**Required work**
Return the lines of the material below exactly, beginning with the line that has "- Vibrant Lighting: KiMineon" in it and finishing with the line that has "adidas/アディダス running カモ柄" in it. Leave all pictures aside.

**Extracted entries**
[Start of Attachment]
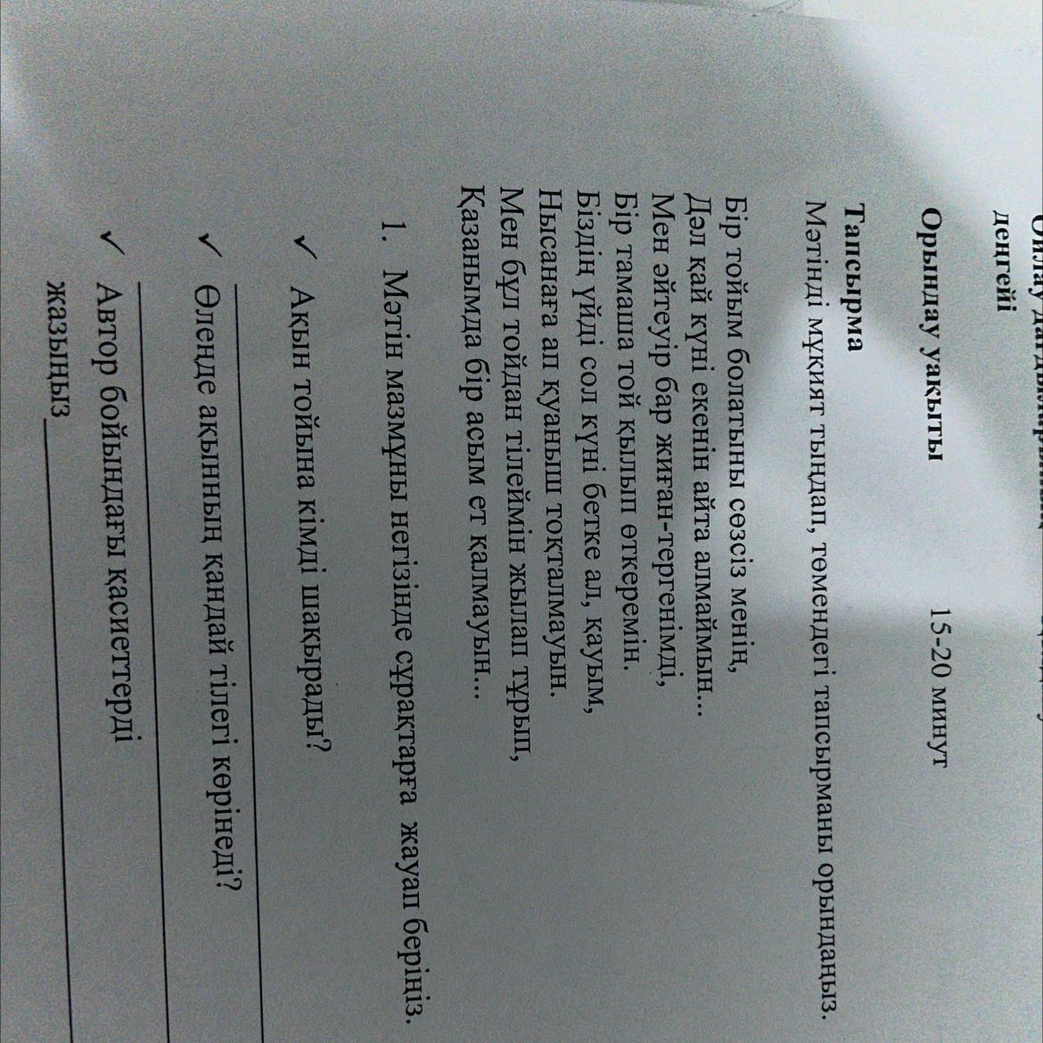 1)Автор тойына ауылдастарының келгенңн қалайды, солармен бірге қуанышын бөліскісі келеді.
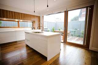 Flott að sjá viðarskápana í kringum gluggann, þeir hverfa einhvern veginn og eldhúsið virkar stærra…
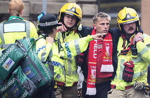 Photos of the father-of-one being carried by two firemen while wearing a Liverpool scarf were on the front pages of several national papers on Tuesday.
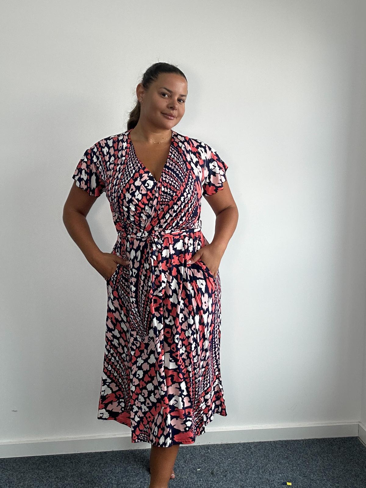 Inject vibrant energy into your plus-size collection with this Printed Midi Dress. Designed in a curve-flattering silhouette, it features a soft  vneckline, short sleeves, and an adjustable drawstring waist for a comfortable, custom fit. The all-over print making it a standout piece for holiday shops, casual edits, or summer boutique collections. A bold print with everyday ease, tailored specifically for fuller figures.
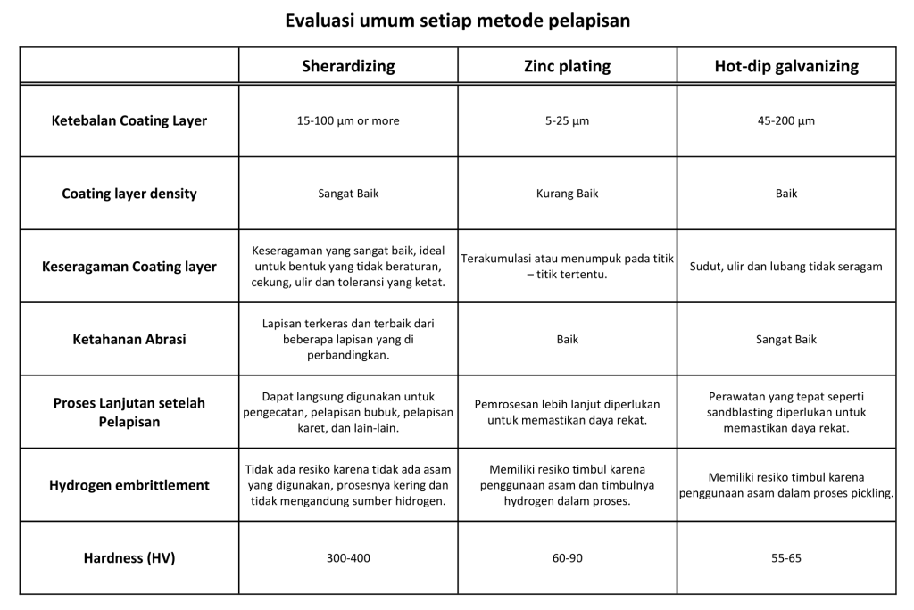 Perbandingan Sherardizing dengan Galvanisasi Celup Panas:
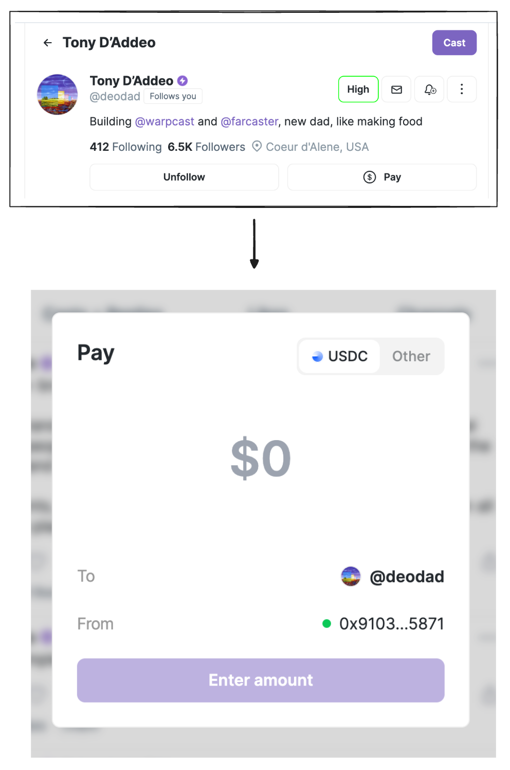 Send money onchain by tapping "Pay" on a profile or cast menu. They are:
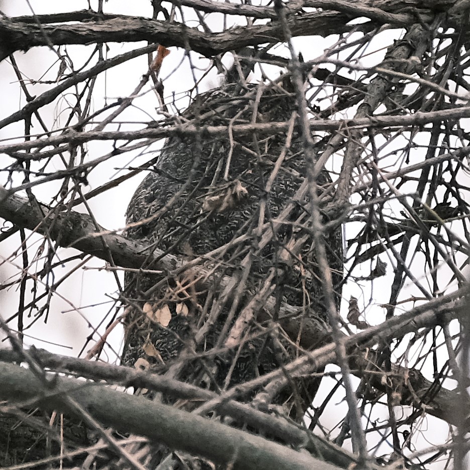 The great horned owl was in its regular spot again, but the lighting this morning really helps to make it visible through the brush.
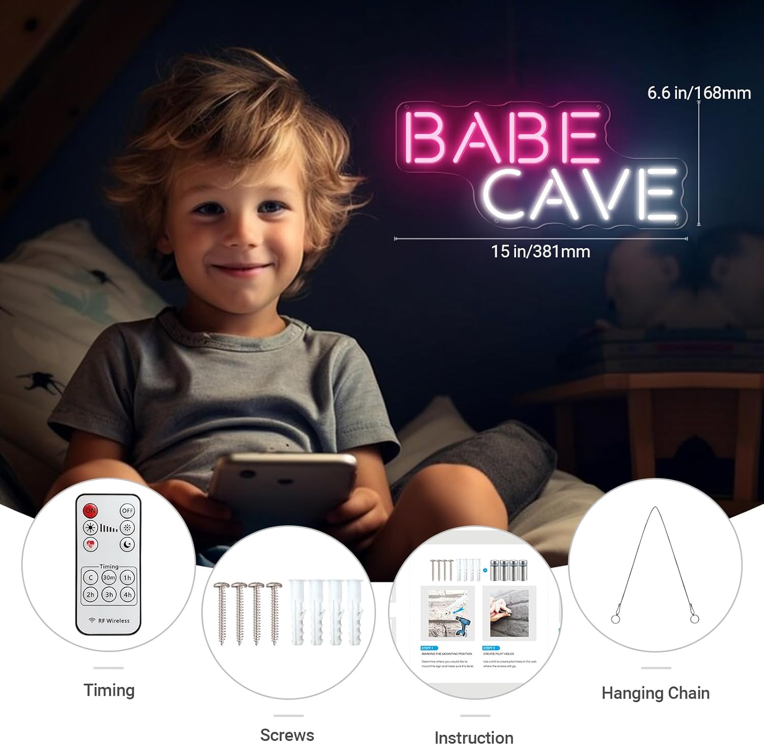 - Vibrant Lighting: KiMineon Babe Cave neon sign is the perfect way to add vibrancy and color to your baby’s room, party, birthday, bedroom or special events. It's a great statement piece to make your big day unforgettable and joyful.
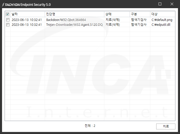 상기 악성코드는 잉카인터넷 안티바이러스 제품 TACHYON Internet Security 5.0에서 진단 및 치료가 가능하다.
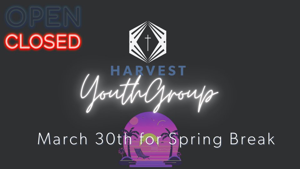 No youth group for Spring Break. See you on April 6th!
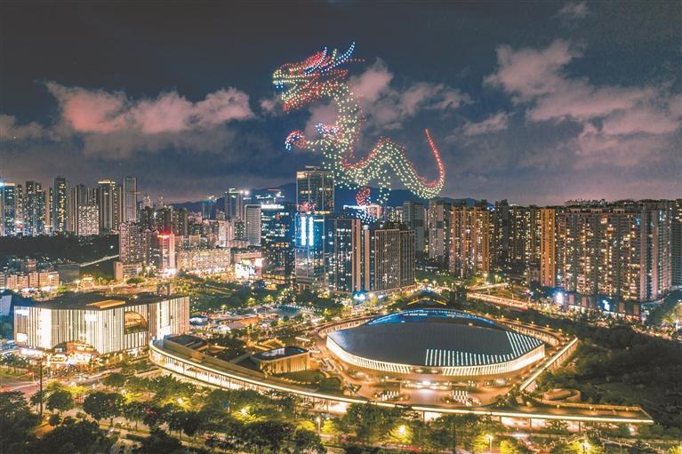 今年6月,在深圳市龙舟文化艺术节上,千余架无人机化为“巨龙”腾空飞舞,以一幕“飞龙在天”展示新文旅的无限魅力。
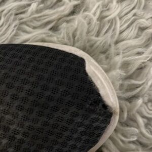 These have been worn a generous amount of times already. So I adjusted price accordingly! Great comfortable sneakers to wear to the gym or to just wear freely with casual wear. There is a small tear in top left sneaker, see in last pic!
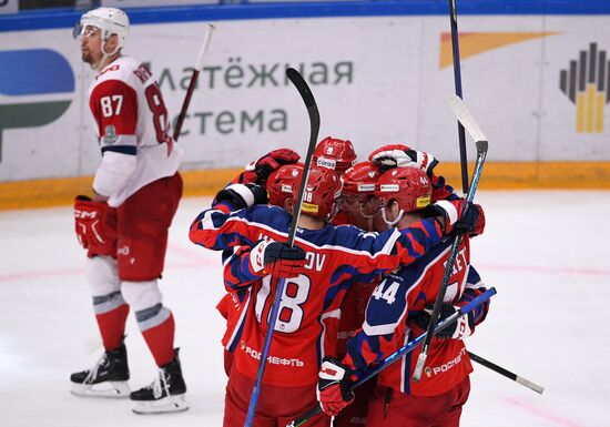 Игрок ПХК ЦСКА Андрей Светлаков радуется заброшенной шайбе в матче 1/2 финала Западной конференции плей-офф Кубка Гагарина Континентальной хоккейной лиги сезона 2022/2023 между ПХК ЦСКА (Москва) и ХК "Локомотив" (Ярославль).29.03.2023#8401164
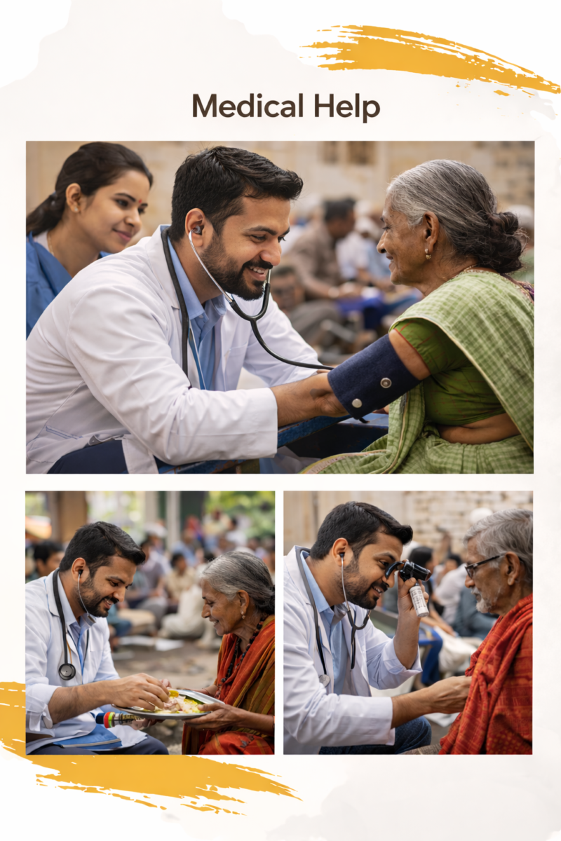 We provide medical assistance to those who lack access to proper healthcare facilities. The foundation supports health camps, medical checkups, and treatment aid for needy individuals. Health is essential for personal and social well-being. Our medical initiatives focus on timely support, awareness, and preventive care. We aim to reduce suffering while upholding compassion and dignity.
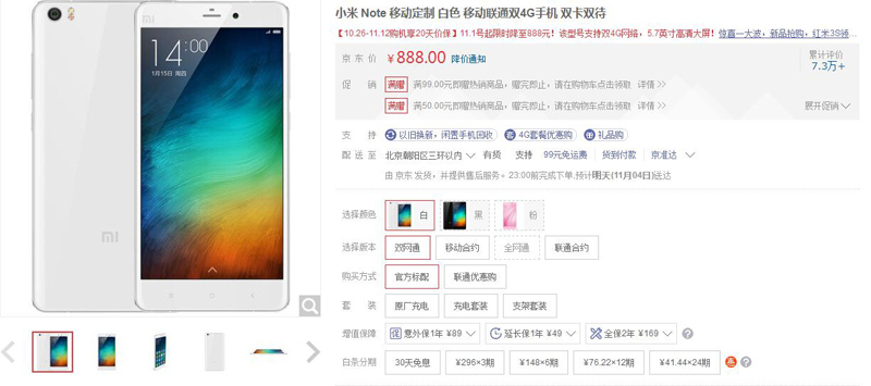 小米Note是小米首次试水高端的机型,刚上市时顶配版的售价高达三千多元,但因为当时骁龙810发热严重,最终以失败告终。虽然小米也推出了骁龙801处理器的版本,但是仍然没有引起用户的注意,价格也是一降再降。现在京东仅售888元,而且还可以享受六期免息,日供只需要不到5块钱,预算不足的用户可以考虑。
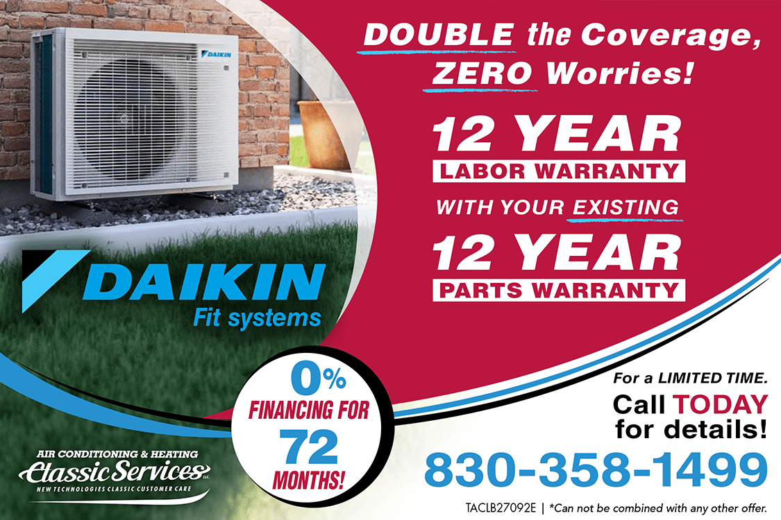 We provide expert air conditioner installation, maintenance and repair to keep your home cool, comfortable and energy efficient all summer. Trust us for all your heating and cooling needs in New Braunfels, San Antonio, Boerne, and surrounding areas. Contact us today to schedule a tune-up or estimate for a new system. Beat the Texas heat with Classic!
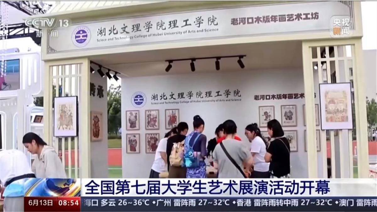 湖北日报讯(通讯员郭裕文)6月12日,全国第七届大学生艺术展演活动在襄阳开幕。开幕式前,在“你好!大艺村”高校艺术创意作品展览会上,由yl8cc永利官网艺术与传媒学院学生参与研发制作的老河口木版年画及相关文创产品展演项目亮相,吸引了不少观众体验。
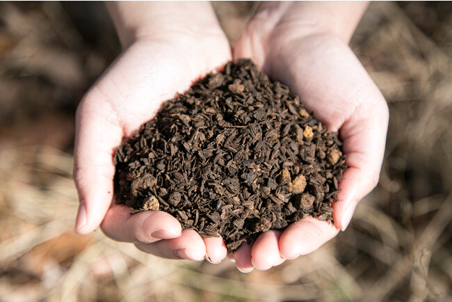 トマトを育てるための土地の栄養分となる堆肥は、黒川温泉旅館組合が生産しています。旅館から出る食品残さに、地域で使われていない未利用資源の落ち葉、もみ殻、米ぬか、赤土等を混ぜ合わせて約半年間かけて作ります。
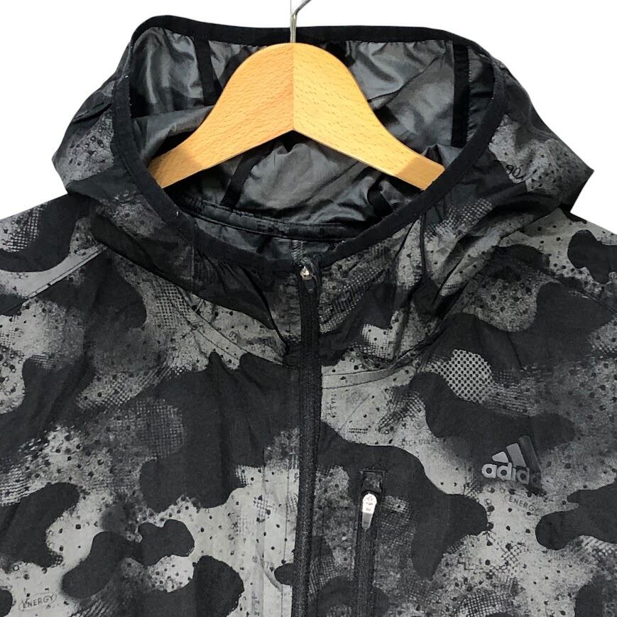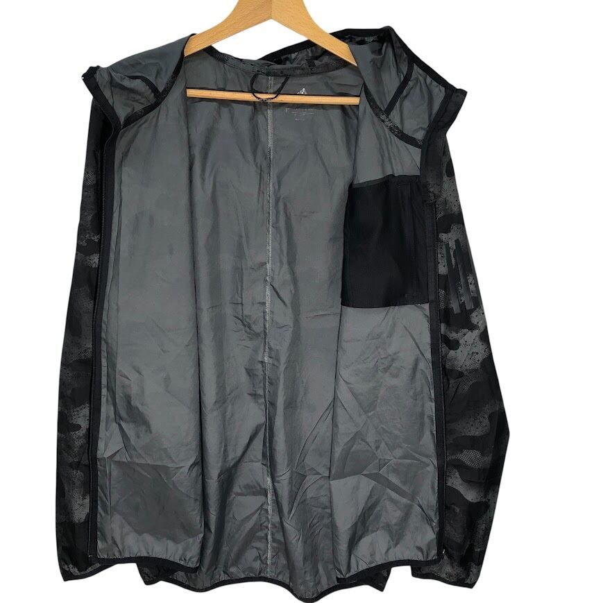 adidas/アディダス running カモ柄 ナイロンジャケット 総柄 レインウェア フード ライトアウター フロントバックプリント オーバーサイズ カンボジア製 ブラック/グレー
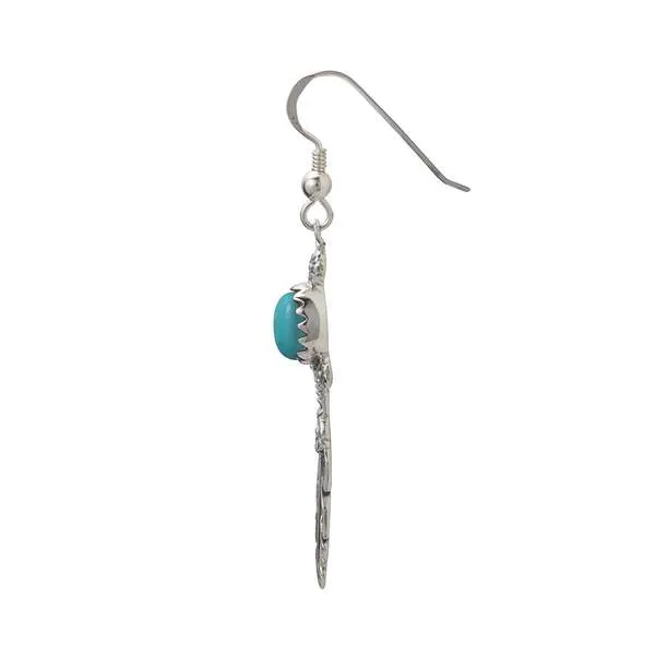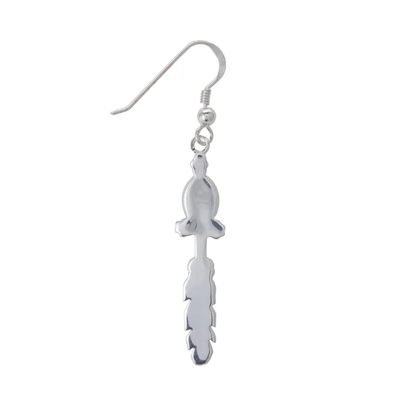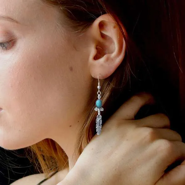 These earrings feature a beautifully carved feather design, enhanced by turquoise stones. The floral motifs bring an extra level of sophistication, while the turquoise symbolizes tranquility and protection. The combination of the feather and turquoise makes these earrings both striking and meaningful, perfect for those who appreciate nature-inspired elegance.
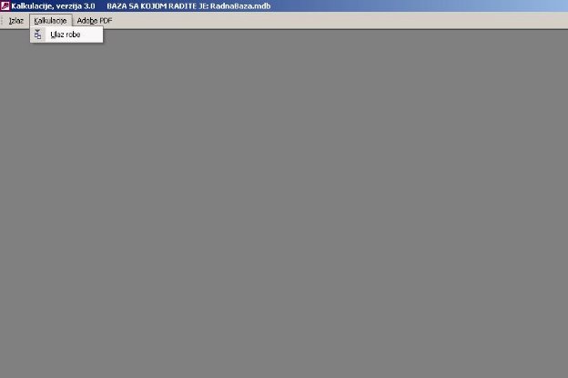 Izborom stavke «Ulaz robe» iz glavnog menija otvoriće se ekranski formular koji služi za unos i ažuriranje kalulacija (sl. 2). Kalkulacije, kao što i sam meni kaže služe za ulaz robe.
[End of Attachment]
**Written solution**
 - Vibrant Lighting: KiMineon Babe Cave neon sign is the perfect way to add vibrancy and color to your baby’s room, party, birthday, bedroom or special events. It's a great statement piece to make your big day unforgettable and joyful.
 상기 악성코드는 잉카인터넷 안티바이러스 제품 TACHYON Internet Security 5.0에서 진단 및 치료가 가능하다.
 No youth group for Spring Break. See you on April 6th!
 今年6月,在深圳市龙舟文化艺术节上,千余架无人机化为“巨龙”腾空飞舞,以一幕“飞龙在天”展示新文旅的无限魅力。
 These have been worn a generous amount of times already. So I adjusted price accordingly! Great comfortable sneakers to wear to the gym or to just wear freely with casual wear. There is a small tear in top left sneaker, see in last pic!
 Игрок ПХК ЦСКА Андрей Светлаков радуется заброшенной шайбе в матче 1/2 финала Западной конференции плей-офф Кубка Гагарина Континентальной хоккейной лиги сезона 2022/2023 между ПХК ЦСКА (Москва) и ХК "Локомотив" (Ярославль).29.03.2023#8401164
 We provide medical assistance to those who lack access to proper healthcare facilities. The foundation supports health camps, medical checkups, and treatment aid for needy individuals. Health is essential for personal and social well-being. Our medical initiatives focus on timely support, awareness, and preventive care. We aim to reduce suffering while upholding compassion and dignity.
 小米Note是小米首次试水高端的机型,刚上市时顶配版的售价高达三千多元,但因为当时骁龙810发热严重,最终以失败告终。虽然小米也推出了骁龙801处理器的版本,但是仍然没有引起用户的注意,价格也是一降再降。现在京东仅售888元,而且还可以享受六期免息,日供只需要不到5块钱,预算不足的用户可以考虑。
 We provide expert air conditioner installation, maintenance and repair to keep your home cool, comfortable and energy efficient all summer. Trust us for all your heating and cooling needs in New Braunfels, San Antonio, Boerne, and surrounding areas. Contact us today to schedule a tune-up or estimate for a new system. Beat the Texas heat with Classic!
 湖北日报讯(通讯员郭裕文)6月12日,全国第七届大学生艺术展演活动在襄阳开幕。开幕式前,在“你好!大艺村”高校艺术创意作品展览会上,由yl8cc永利官网艺术与传媒学院学生参与研发制作的老河口木版年画及相关文创产品展演项目亮相,吸引了不少观众体验。
 トマトを育てるための土地の栄養分となる堆肥は、黒川温泉旅館組合が生産しています。旅館から出る食品残さに、地域で使われていない未利用資源の落ち葉、もみ殻、米ぬか、赤土等を混ぜ合わせて約半年間かけて作ります。
 adidas/アディダス running カモ柄 ナイロンジャケット 総柄 レインウェア フード ライトアウター フロントバックプリント オーバーサイズ カンボジア製 ブラック/グレー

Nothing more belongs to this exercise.